● **Aim of the exercise**: From the data below, copy exactly the lines that lie between the one holding "FOUNDER ORIGIN FOUNDER" and the one holding "河南省工程勘察設計行業獎三等獎", including both, and nothing more.

● **Information given**:
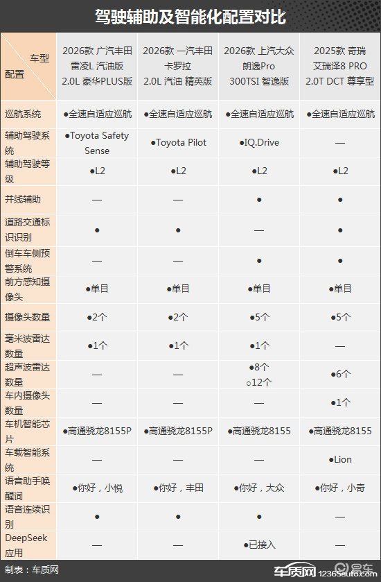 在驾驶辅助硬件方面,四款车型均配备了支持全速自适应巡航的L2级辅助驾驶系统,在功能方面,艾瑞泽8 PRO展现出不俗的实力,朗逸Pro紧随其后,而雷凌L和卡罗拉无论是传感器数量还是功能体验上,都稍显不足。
---
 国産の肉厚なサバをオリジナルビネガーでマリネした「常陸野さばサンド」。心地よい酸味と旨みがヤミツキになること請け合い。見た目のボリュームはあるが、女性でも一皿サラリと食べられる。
...
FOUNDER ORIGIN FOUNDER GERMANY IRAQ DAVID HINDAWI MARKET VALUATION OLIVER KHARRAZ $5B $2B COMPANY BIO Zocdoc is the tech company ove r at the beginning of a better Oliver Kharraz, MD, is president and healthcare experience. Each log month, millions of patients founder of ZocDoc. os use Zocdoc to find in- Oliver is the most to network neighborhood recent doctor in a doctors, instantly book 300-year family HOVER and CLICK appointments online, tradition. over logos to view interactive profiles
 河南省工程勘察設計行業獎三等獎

● **Response box**:
FOUNDER ORIGIN FOUNDER GERMANY IRAQ DAVID HINDAWI MARKET VALUATION OLIVER KHARRAZ $5B $2B COMPANY BIO Zocdoc is the tech company ove r at the beginning of a better Oliver Kharraz, MD, is president and healthcare experience. Each log month, millions of patients founder of ZocDoc. os use Zocdoc to find in- Oliver is the most to network neighborhood recent doctor in a doctors, instantly book 300-year family HOVER and CLICK appointments online, tradition. over logos to view interactive profiles
 河南省工程勘察設計行業獎三等獎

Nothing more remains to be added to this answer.